SHOW CREATE TABLE result:

CREATE TABLE `frames` (  
  `id` int(10) unsigned NOT NULL AUTO_INCREMENT,  
  `dbRollID` int(10) unsigned NOT NULL DEFAULT 0,  
  `frame_num` int(10) unsigned NOT NULL DEFAULT 0,  
  `xLeadEdge` int(11) NOT NULL DEFAULT 0,  
  `yTrailEdge` int(11) NOT NULL DEFAULT 0,  
  `wLeftEdge` int(11) NOT NULL DEFAULT 0,  
  `hRightEdge` int(11) NOT NULL DEFAULT 0,  
  `ocr_text` mediumtext COLLATE utf8mb4_unicode_ci NOT NULL,  
  `ocr_rects` longblob NOT NULL,  
  PRIMARY KEY (`id`),  
  KEY `fk_roll_id_1` (`dbRollID`),  
  FULLTEXT KEY `ocr_text` (`ocr_text`),  
  CONSTRAINT `fk_roll_id_1` FOREIGN KEY (`dbRollID`) REFERENCES   `scansettings` (`dbRollID`) ON DELETE CASCADE ON UPDATE CASCADE  
) ENGINE=InnoDB AUTO_INCREMENT=474139 DEFAULT CHARSET=utf8mb4   COLLATE=utf8mb4_unicode_ci;  

explain SELECT dbRollID FROM frames WHERE MATCH (ocr_text) AGAINST ('+john' IN BOOLEAN MODE) ORDER BY id result:

+------+-------------+--------+----------+---------------+----------+---------+------+------+-----------------------------+
| id   | select_type | table  | type     | possible_keys | key      | key_len | ref  | rows | Extra                       |
+------+-------------+--------+----------+---------------+----------+---------+------+------+-----------------------------+
|    1 | SIMPLE      | frames | fulltext | ocr_text      | ocr_text | 0       |      | 1    | Using where; Using filesort |
+------+-------------+--------+----------+---------------+----------+---------+------+------+-----------------------------+

Edit / Update:

OK I have a hypothesis, but it may be based on incorrect assumptions.

So I have been told that by using FULLTEXT KEY on the text column, that MySQL creates an index for that column, and then uses that index smartly when you do a full text search (i.e. MATCH AGAINST in innodb engine). So in theory I am not supposed to have to overthink this and create my own indexing system. Is this true?

OK assuming that this is true, then MySQL creates this word index in some clever way, since there aren't really that many different words. Right?

But. My text is OCR text. And it is very bad OCR text. And it is very bad OCR text performed on bagillions of images, many of which don't even contain OCRable text, but cursive writing. So, I have bagillions of garbage words in my text. Maybe it's mostly garbage words. I don't know. But then does this mean that the index that MySQL builds will be huge? And huge enough that it can't be cached in innodb's memory buffers?

Thoughts? Could this be true? If so, if I could clean out all the garbage from my text maybe it will work?

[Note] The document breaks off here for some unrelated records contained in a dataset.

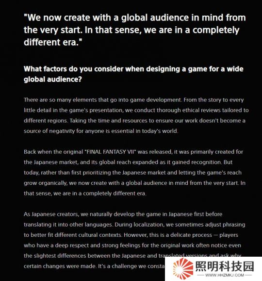 當最初的《最終幻想7》發售時,它主要是為日本市場打造的,隨著它的知名度不斷提高,其全球影響力也不斷擴大。但今天,我們不再優先考慮日本市場,讓游戲的影響力自然而然地增長,而是從一開始就考慮到全球受眾。從這個意義上說,我們處在一個完全不同的時代。
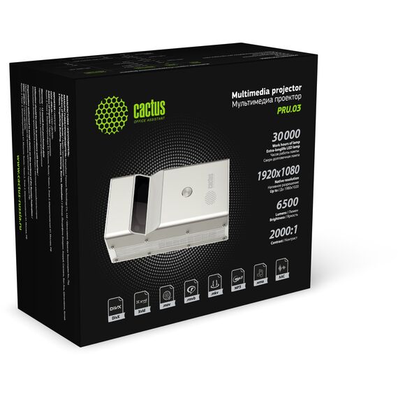 Проектор Cactus CS-PRU.03B.WUXGA-A DLP, 6500Lm, 650Lm, 1920x1080, 2000:1, 30000 ч, 2xUSB typeA, 1xHDMI, 1.5кг
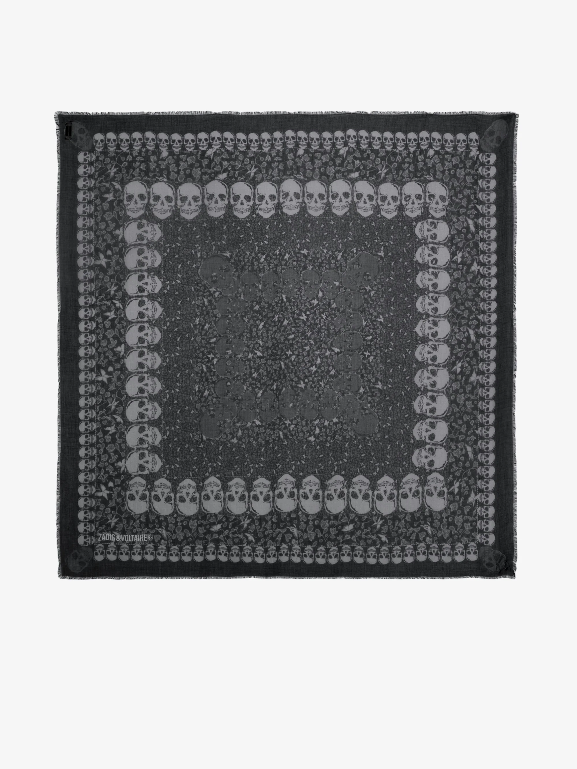 Modal scarf with skull and flower print. Description & details - Scarf - Skull and flower print 135 x 135 cm Composition 100% Modal** Care - Hand-wash or machine-wash inside out in a mesh laundry bag on a 20°C delicate cycle with a maximum spin speed of 400 rpm - Air dry flat - Iron inside out at a maximum of 110°C Product code: OWSC01519_BLACK
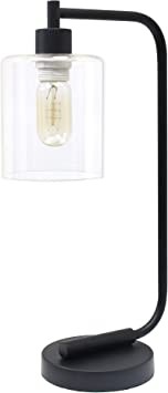 Simple Designs LD1036-BLK Black Bronze Vintage Style Industrial Iron Lamp Glass Shade Table Lamp
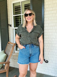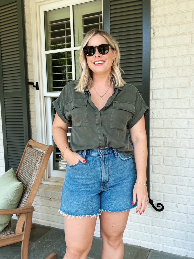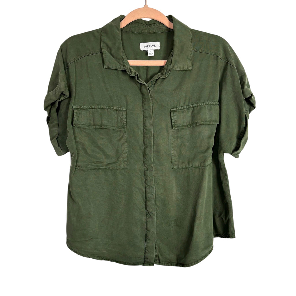 Evereve Army Green Rolled Cuff Hidden Button Up Utility Top- Size M (sold out online)
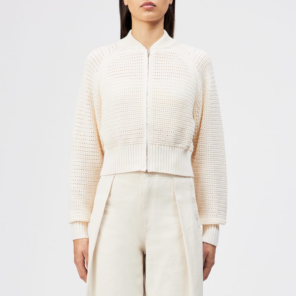 Oversized grofgebreid vest van Drykorn met lange raglanmouwen, opstaande kraag, ritssluiting en ribgebreide boorden. Materiaal: Katoen 100%
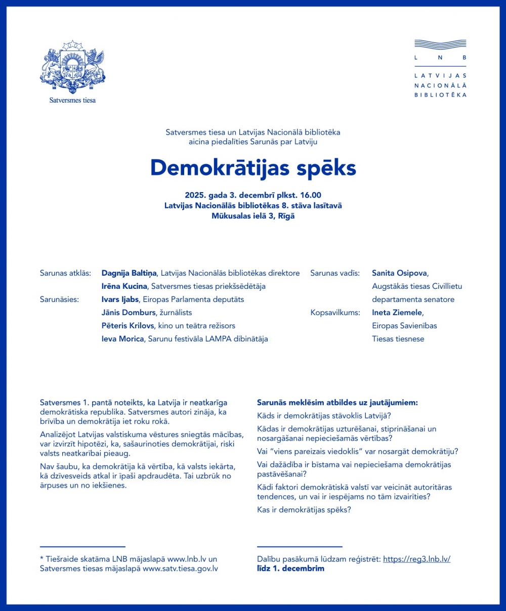 Dalību pasākumā aicinām pieteikt, reģistrējoties https://reg3.lnb.lv/ līdz 1. decembrim.
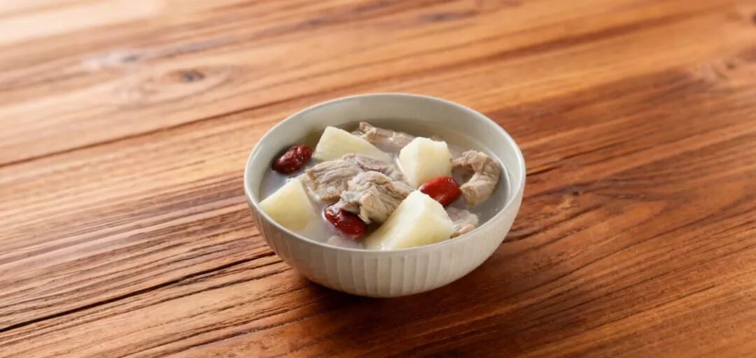 做法:排骨焯水,与切块的山药、红枣、枸杞一同炖煮,汤成调味。平和温润,老少咸宜。
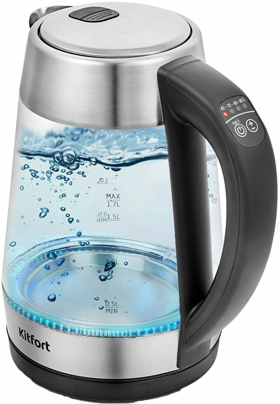 Чайник KITFORT КТ-6107, 1,7 л, 2200 Вт, закрытый нагревательный элемент, терморегулятор, стекло, черный

SHOW TABLE STATUS LIKE "frames";
+--------+--------+---------+------------+-------+----------------+-------------+-----------------+--------------+-----------+----------------+---------------------+---------------------+------------+--------------------+----------+----------------+---------+------------------+-----------+
| Name   | Engine | Version | Row_format | Rows  | Avg_row_length | Data_length | Max_data_length | Index_length | Data_free | Auto_increment | Create_time         | Update_time         | Check_time | Collation          | Checksum | Create_options | Comment | Max_index_length | Temporary |
+--------+--------+---------+------------+-------+----------------+-------------+-----------------+--------------+-----------+----------------+---------------------+---------------------+------------+--------------------+----------+----------------+---------+------------------+-----------+
| frames | InnoDB |      10 | Dynamic    | 51419 |          80792 |  4154245120 |               0 |      3997696 |   7340032 |         474566 | 2021-08-17 13:26:24 | 2021-08-19 18:03:18 | NULL       | utf8mb4_unicode_ci |     NULL |                |         |                0 | N         |
+--------+--------+---------+------------+-------+----------------+-------------+-----------------+--------------+-----------+----------------+---------------------+---------------------+------------+--------------------+----------+----------------+---------+------------------+-----------+

EXPLAIN SELECT on RDS (different but similar server, MySQL rather than MariaDB)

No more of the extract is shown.